- _Data records_:
-------

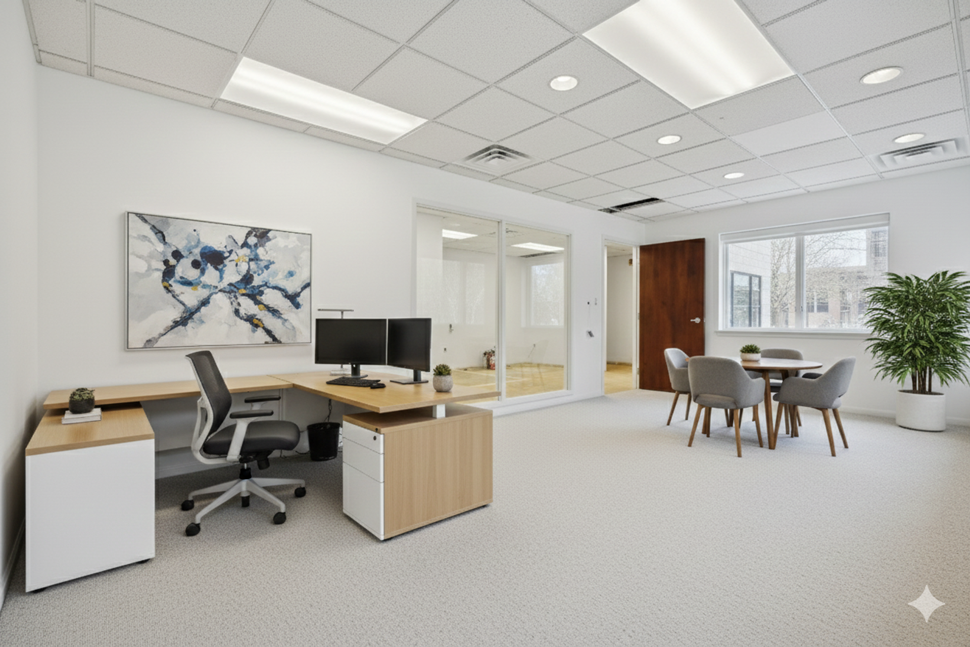 The space itself is thoughtfully designed and features a welcoming reception area, a kitchenette, a conference room, multiple private offices, an open work area, and a dedicated training space. The layout is versatile and ideal for a variety of professional uses, including medical practices, administrative offices, insurance agencies, clerical operations, or other office-based businesses. With its combination of functionality, modern amenities, and a highly desirable location, this property provides the perfect environment for your company’s operations, client meetings, and staff productivity, while offering an excellent long-term investment opportunity in a thriving business corridor.
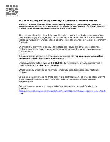 Dotacje Amerykańskiej Fundacji Charlesa Stewarta Motta Fundacja Charlesa Stewarta Motta udziela dotacji w Stanach Zjednoczonych, a także na arenie międzynarodowej. Poza terytorium USA można uzyskać dotację na projekty promujące budowę społeczeństwa obywatelskiego i ochronę środowiska. Aby ubiegać się o dotację należy przesłać opis propozycji projektu zawierający jego cele, metodologię, szczegółowy plan finansowy oraz okres realizacji, na podstawie którego pracownicy Fundacji ocenią zgodność proponowanego projektu z programem Fundacji. W przypadku pozytywnej oceny i akceptacji propozycji projektu, wnioskodawca zostanie poproszony o przesłanie pełnego wniosku projektu wraz z wymaganymi dokumentami. O dotację mogą ubiegać się organizacje zajmujące się rozwojem społeczeństwa obywatelskiego lub ochroną środowiska. Średnia wartość dotacji wynosi $ 100,000. Dotychczasowe dotacje mieściły się w granicach od $ 15.000 do $ 250.000. Wnioski należy przesyłać co najmniej 4 miesiące przed rozpoczęciem realizacji projektu. Zgłoszenia są przyjmowane przez cały rok, z zastrzeżeniem, że wnioski które wpłyną w terminie od 1 września do 31 grudnia będą rozpatrywane na następny rok kalendarzowy. Szczegółowe informacje możne uzyskać na stronie internetowej Fundacji pod adresem: http://www.mott.org/grantsandguidelines/forgrantseekers/appprocedures.aspx#secti on6 Powered by TCPDF (www.tcpdf.org)
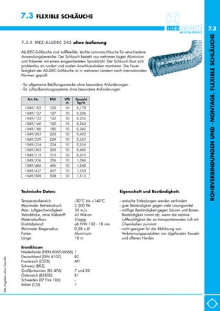 Das Dokument beschreibt flexible Aludec-Schläuche, die leicht und vollflexibel sind, sowie deren Eigenschaften und Anwendungsbereiche insbesondere für allgemeine Belüftungssysteme ohne besondere Anforderungen. Sie sind aus mehreren Lagen Aluminium und Polyester gefertigt, mit einer maximalen Betriebstemperatur von 140°C und einem Druck von 2500 Pa. Der Schlauch ist nach internationalen Normen feuerfest geprüft und nicht für die Ableitung von Verbrennungsprodukten geeignet.
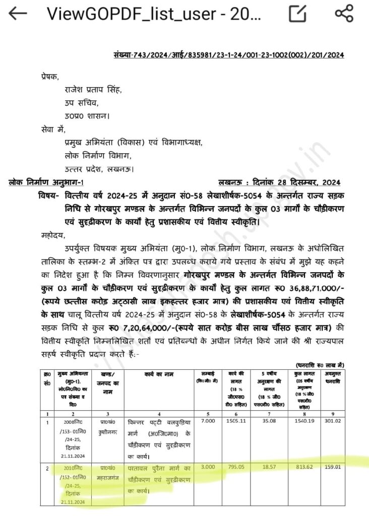 वित्तीय वर्ष 2024-25 में अनुदान सं0-58 लेखाशीर्षक-5054 के अन्तर्गत राज्य सड़क निधि से पनियरा विधानसभा क्षेत्र के लोकप्रिय विधायक ज्ञानेंद्र सिंह जी के प्रयास से “परतावल-पुरैना मार्ग” 3 किमी० का चौड़ीकरण एवं सुदृढ़ीकरण का कार्य के लिए 8 करोड़ 13 लाख 62 हजार रुपए धन स्वीकृत होने पर क्षेत्र वासियों में हर्षौल्लास।
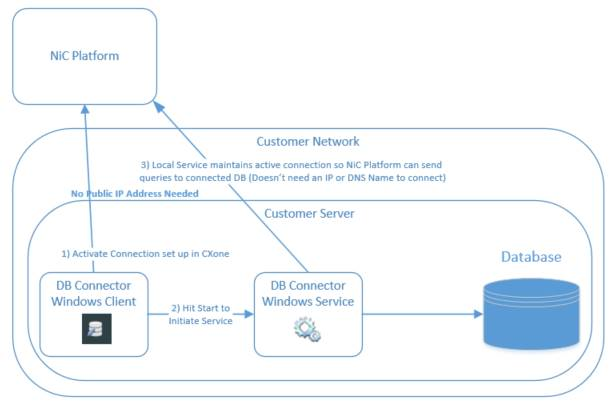 DB Connector is a Windows-based, encrypted service that acts as a gateway between the CXone Mpower platform and your corporate database, working over TLS 1.2. It's commonly used to retrieve information from a private database and provide it to the agent. For example, you could pull a customer number or order number based on the caller ID and use it in a screen pop for the agent to reference. You can also be use DB Connector to write information obtained during an interaction to the private database, although this is less common.
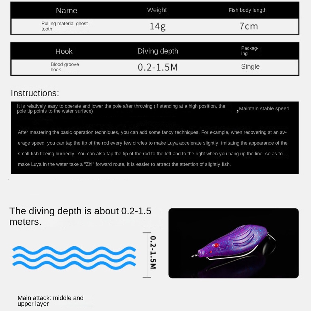 1. Umpan pancing ini dapat tenggelam perlahan 0,2m-1,5m dan bergerak fleksibel dalam air.

-------

- _Your task_: Once the pictures are removed, return the entries exactly as they stand.

- _Solved problem_:
 The space itself is thoughtfully designed and features a welcoming reception area, a kitchenette, a conference room, multiple private offices, an open work area, and a dedicated training space. The layout is versatile and ideal for a variety of professional uses, including medical practices, administrative offices, insurance agencies, clerical operations, or other office-based businesses. With its combination of functionality, modern amenities, and a highly desirable location, this property provides the perfect environment for your company’s operations, client meetings, and staff productivity, while offering an excellent long-term investment opportunity in a thriving business corridor.
 Dotacje Amerykańskiej Fundacji Charlesa Stewarta Motta Fundacja Charlesa Stewarta Motta udziela dotacji w Stanach Zjednoczonych, a także na arenie międzynarodowej. Poza terytorium USA można uzyskać dotację na projekty promujące budowę społeczeństwa obywatelskiego i ochronę środowiska. Aby ubiegać się o dotację należy przesłać opis propozycji projektu zawierający jego cele, metodologię, szczegółowy plan finansowy oraz okres realizacji, na podstawie którego pracownicy Fundacji ocenią zgodność proponowanego projektu z programem Fundacji. W przypadku pozytywnej oceny i akceptacji propozycji projektu, wnioskodawca zostanie poproszony o przesłanie pełnego wniosku projektu wraz z wymaganymi dokumentami. O dotację mogą ubiegać się organizacje zajmujące się rozwojem społeczeństwa obywatelskiego lub ochroną środowiska. Średnia wartość dotacji wynosi $ 100,000. Dotychczasowe dotacje mieściły się w granicach od $ 15.000 do $ 250.000. Wnioski należy przesyłać co najmniej 4 miesiące przed rozpoczęciem realizacji projektu. Zgłoszenia są przyjmowane przez cały rok, z zastrzeżeniem, że wnioski które wpłyną w terminie od 1 września do 31 grudnia będą rozpatrywane na następny rok kalendarzowy. Szczegółowe informacje możne uzyskać na stronie internetowej Fundacji pod adresem: http://www.mott.org/grantsandguidelines/forgrantseekers/appprocedures.aspx#secti on6 Powered by TCPDF (www.tcpdf.org)
 Das Dokument beschreibt flexible Aludec-Schläuche, die leicht und vollflexibel sind, sowie deren Eigenschaften und Anwendungsbereiche insbesondere für allgemeine Belüftungssysteme ohne besondere Anforderungen. Sie sind aus mehreren Lagen Aluminium und Polyester gefertigt, mit einer maximalen Betriebstemperatur von 140°C und einem Druck von 2500 Pa. Der Schlauch ist nach internationalen Normen feuerfest geprüft und nicht für die Ableitung von Verbrennungsprodukten geeignet.
 वित्तीय वर्ष 2024-25 में अनुदान सं0-58 लेखाशीर्षक-5054 के अन्तर्गत राज्य सड़क निधि से पनियरा विधानसभा क्षेत्र के लोकप्रिय विधायक ज्ञानेंद्र सिंह जी के प्रयास से “परतावल-पुरैना मार्ग” 3 किमी० का चौड़ीकरण एवं सुदृढ़ीकरण का कार्य के लिए 8 करोड़ 13 लाख 62 हजार रुपए धन स्वीकृत होने पर क्षेत्र वासियों में हर्षौल्लास।
 DB Connector is a Windows-based, encrypted service that acts as a gateway between the CXone Mpower platform and your corporate database, working over TLS 1.2. It's commonly used to retrieve information from a private database and provide it to the agent. For example, you could pull a customer number or order number based on the caller ID and use it in a screen pop for the agent to reference. You can also be use DB Connector to write information obtained during an interaction to the private database, although this is less common.
 1. Umpan pancing ini dapat tenggelam perlahan 0,2m-1,5m dan bergerak fleksibel dalam air.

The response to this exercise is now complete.